Set in the 1970s in Mexico City, Alfonso Cuarón's Roma is a kind of fantasia of the mundane, a loving and often haunting semi-autobiographical tale of a nanny named Cleo (Yalitza Aparicio) and her effect on the family she serves.

Told predominantly from the point of view of the children (and therefore from Cuarón's POV), Roma examines the banalities of Cleo's day-to-day life as she attempts to balance her personal life with her service to her family, something to so consumes her life that it almost becomes her whole identity. Cuarón paints much on Aparicio's seemingly emotionless visage, but her powerhouse performance quietly suggests the roiling emotions beneath. After becoming pregnant by a shiftless lout, Cleo finds herself being cared for by her employers. The parents having just split up, the family is now in disarray, with ever more responsibility falling on the mother to keep the household from falling apart. This means even more work for Cleo - a beloved caretaker for the children who will never truly be a part of the family.

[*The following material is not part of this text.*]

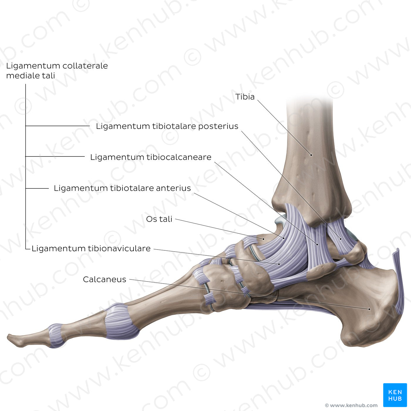 Considering its role in bearing the entire weight of the body, it is not surprising that the art. talocruralis (ankle joint) has quite a few ligaments that stabilize it during movement. The ligaments are divided into two groups: the lig. collaterale mediale and lig. collaterale laterale. The lig. collaterale mediale, also known as the lig. deltoideum, is a strong band that reinforces the medial aspect of the joint and prevents dislocations of the ankle joint. The ligament has a proximal attachment on the malleolus medialis of the tibia, and fans out from there to insert onto the os naviculare, calcaneus, and talus. Consequently, the lig. collaterale mediale consists of 4 parts: the lig. tibionaviculare, extending from the tibia to the os naviculare, the lig. calcaneotibiale stretching from the tibia to the calcaneus, and lig. talotibiale anterius and posterius, extending from the tibia to the talus.

That's the tragic dichotomy at the heart of Roma - Cleo is perhaps the key holding the entire family together. The children see her as a kind of superhero, a surrogate mother seemingly destined to never have children of her own. And yet she is constantly reminded, through actions both micro and macro, that she doesn't really belong in this world. Even when the family invites her along on a beach vacation to help her recover from a devastating personal tragedy, she is still treated like a servant, despite being told that she would not have to work. The film has been criticized somewhat for this sequence especially for turning Cleo into some sort of idealized hero, a working class savior of the upper class. Yet this is a fundamental misreading of Cuarón's intentions. Roma may be a tribute to his childhood nanny, yet it is her quiet resilience being celebrated, not her servitude.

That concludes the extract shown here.